Muscle tissue raises your basal metabolic rate—the number of calories you burn while you’re sitting still. After 50, a condition called sarcopenia causes many adults to begin losing muscle mass. The natural process of building, breaking down, healing, and rebuilding muscles slows because the body doesn’t respond as well to internal growth signals. Thee signals tell growth hormones to work with certain enzymes to keep the muscle-building lifecycle running correctly.
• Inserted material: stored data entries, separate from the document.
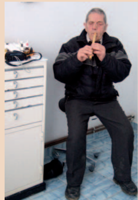
Als Dankeschön spielte ein Patient, der sieben Blasinstrumente beherrscht und schon Musikpreise gewonnen hat, auf der Hirtenflöte.
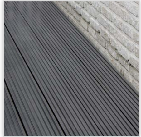
Kompozytowa deska tarasowa Duofuse dwustronnie ryflowana Na zdjęciu: kolor grafitowy. Index produktu DFD162GB-4.0
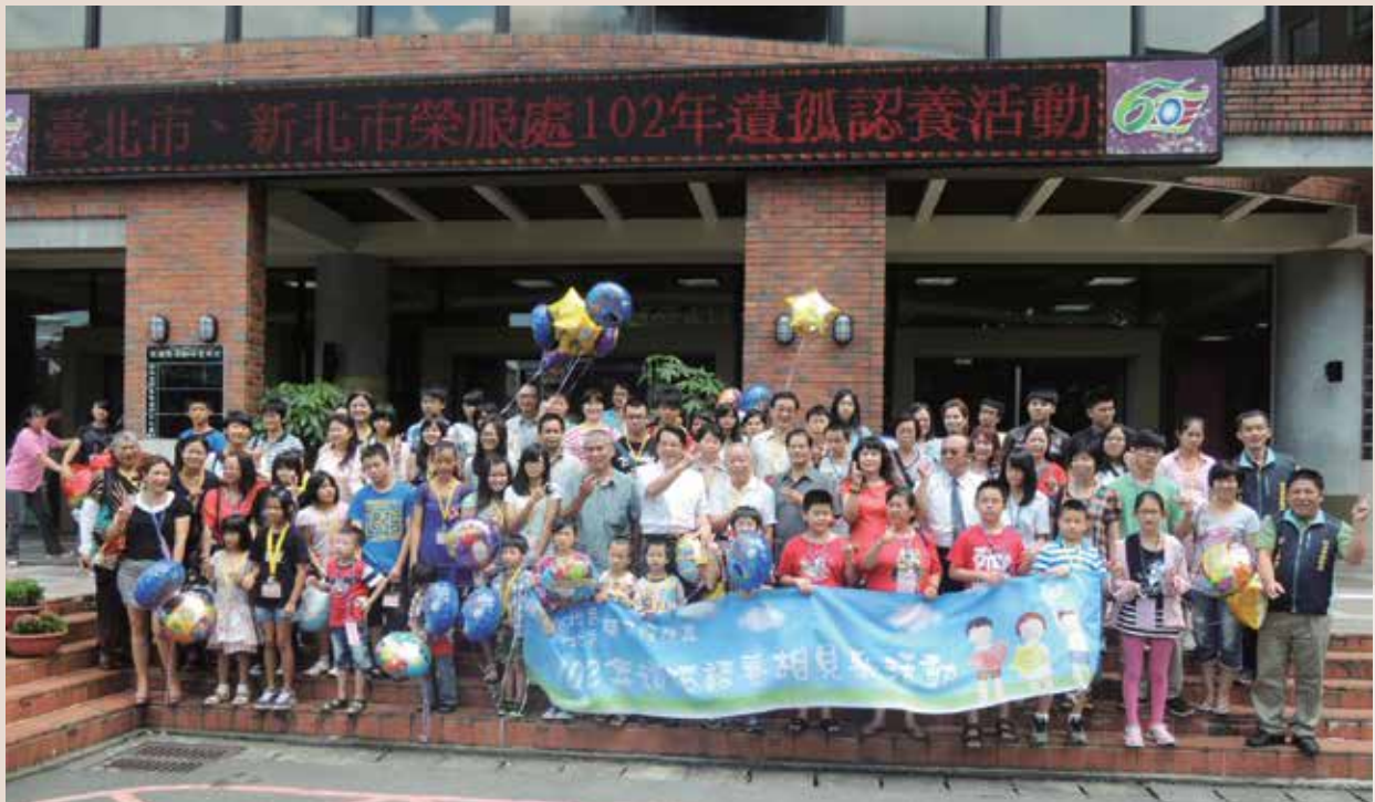
102年8月27日本處於臺北市劍潭活動中心舉辦102年相見歡活動。

鄭處長請榮民袍澤及民眾發揮慈愛精神，認養榮民遺孤，使渠等獲得良好的成長環境與妥善照顧，期盼榮民及更多企業團體、善心人士共同認養遺孤，讓遺孤順利成長，減少社會負擔。
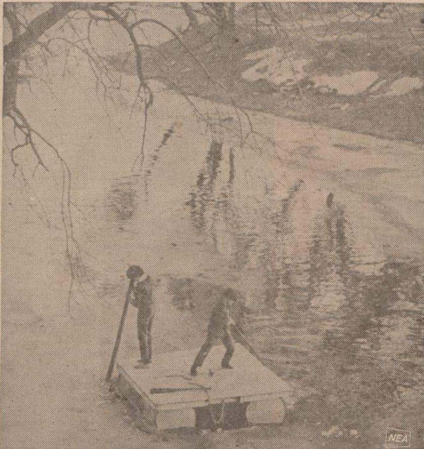
Du Mayville, Wis., miestelio vaikai, susikalę plūde, plaukia vandenings Rock upės vandenis. Jie nori pažinti kraštą ir pavasario upes.
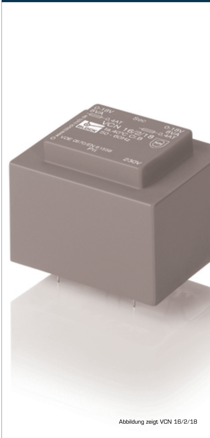
Abbildung zeigt VCN 16/2/18
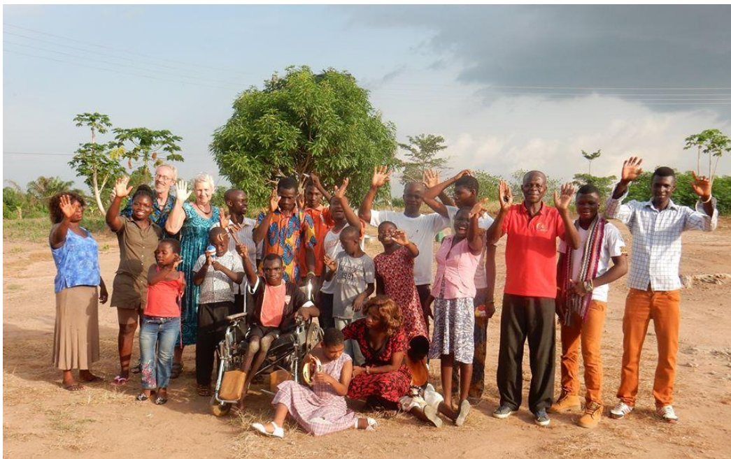
Offinso: afscheid in mei 2016
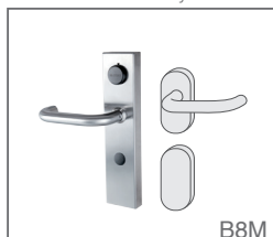
für Rohrrahmen Türsystem
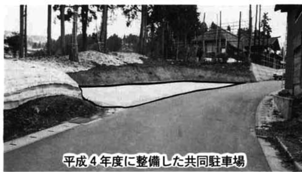
平成4年度に整備した共同駐車場

農業基盤整備事業として「農道舗装」の申込みを受け付けます。希望者は、五月末日までに産業課へ申込み下さい。(申込用紙は産業課にあります) この補助事業は、農道整備により農業経営の合理化を進めようとしているもので、補助対象は生コンクリート等の原材料費で、補助率は五十%です。

Strength training or weightlifting, using resistance bands, body weight, dumbbells, kettlebells, or barbells, can build muscle and slow the age-related process of muscle loss.

Sleep More

Recent studies have shown that not getting enough sleep affects the body’s response to insulin, the hormone that cleans up sugar (glucose) from the bloodstream. Insulin resistance weakens the body’s ability to use glucose as energy; instead, the body stores that unused energy as fat. Researchers found that women who slept at least seven hours per night tended to lose weight.

Reduce Stress

Stress causes the body to release cortisol, the “fight or flight” hormone, which in turn signals the body to release glucose into the bloodstream to use as energy to run or resist. The problem is that many American adults combine stress with a sedentary lifestyle, fretting on the couch or at their desks. They don’t use that boost of energy, so it ends up stored as fat.

Move More

If you’ve taken up strength training, good for you, but don’t ruin your results by sitting down the rest of the day. Set a time to remind yourself to get up from your desk and move around for ten or fifteen minutes out of each hour. Use a standing desk if you can and find other ways to build movement into your day: take the stairs, park farther away, take a walk around town on your lunch hour, and so on.

Get Your Hormones Tested

If you’re putting these tips for losing weight after age 50 into action—exercising; cutting out sugary drinks and sweets; eating plenty of whole grains, vegetables and fruit; consuming enough protein; and getting a good night’s sleep—and you’re still not losing weight, your physician might recommend you see an endocrinologist. Hormone levels change with age, but sometimes something gets unusually out of balance. Endocrinologists specialize in treating disorders of the hormone-producing and regulating system that moderates metabolism, growth, and sex drive. An endocrinologist can test for hormone irregularities and work with you to address them with diet, exercise, and medication.